No one has written with more concentration about the peculiar quality of exile enjoyed by the gaijin, the foreigner in Japan. Densely hierarchical, structured by invisible networks of deference, obligation and taboo, conventional Japanese society offers no formal place to the ‘outside person’. But this alienation is so absolute that it is experienced as something close to liberation, a stimulus to observation and analysis. ‘Japan has afforded him’ – the author – ‘a situation of writing,’ Roland Barthes wrote in Empire of Signs. This situation is ‘one in which a certain disturbance of the person occurs, a subversion of earlier readings, a shock of meaning lacerated, extenuated to the point of its irreplaceable void.’ Japan, to put it in drastically un-French terms, puts you on your mettle. It is an observation that Richie returns to again and again. ‘In Japan,’ he recorded in 1992, ‘I interpret, assess an action, infer a meaning.’

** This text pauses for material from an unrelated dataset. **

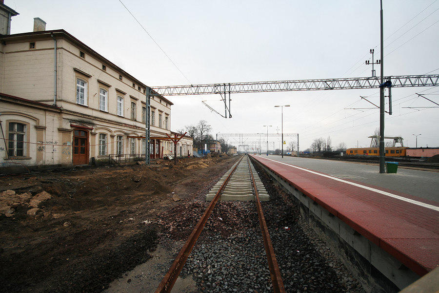 Modernizacja stacji. Z prawej nowy, jeszcze niezadaszony peron 2, z lewej powstający peron 1 i budynek dworca. Widok w kierunku zachodnim (Zebrzydowa/Węgliniec).

Every day, every hour, every minute. Life here means never taking life for granted, never not noticing. For me alone I wonder? I do not see how a foreigner can live here and construct that shroud of inattention, which in the land from whence he came is his natural right and his natural tomb . . . it is with this live connection that the alert foreigner here lives. The electric current is turned on during all the waking hours: he or she is always occupied in noticing, evaluating, discovering and concluding . . . It is the difference between just going to a movie and living it for a few hours, and going to the same film as a reviewer, taking notes, standing apart, criticising, knowing that I must make an accounting of it. The former is more comfortable; the latter is better.
This is indeed the excitement of life in Japan at its best, and it provides obvious opportunities for the writer. From a journal entry in 1998:
Smilingly excluded here in Japan, politely stigmatised, I can from my angle attempt only objectivity, since my subjective self will not fit the space I am allotted . . . how fortunate I am to occupy this niche with its lateral view. In America I would be denied this place. I would live on the flat surface of a plain. In Japan, from where I am sitting, the light falls just right – I can see the peaks and valleys, the crags and crevasses.

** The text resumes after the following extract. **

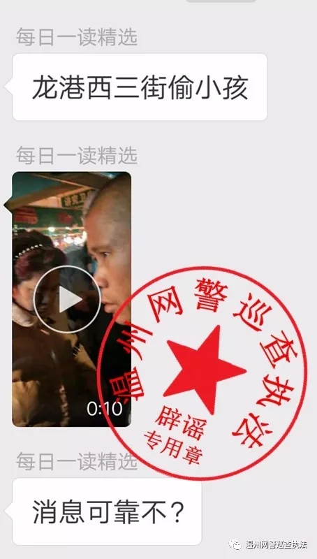今日有网民在微信群发言称龙港西三街疑似有人偷小孩,并附上相关视频。

There is another lucky side effect for many expatriates: personal alienation, the inescapable sense of being different from everyone else, is cancelled out, or at least rendered invisible, by the larger, universal alienation of being a gaijin. This is the partial explanation for something else remarked on several times by Richie: as he shyly puts it, ‘the strange prevalence of people of like preferences among foreign Japanese specialists’. To be blunter, Richie and a seemingly disproportionate number of his friends and contemporaries – the formidable generation of scholars and translators of Japanese who encountered the country as young men during the US occupation – are homosexual.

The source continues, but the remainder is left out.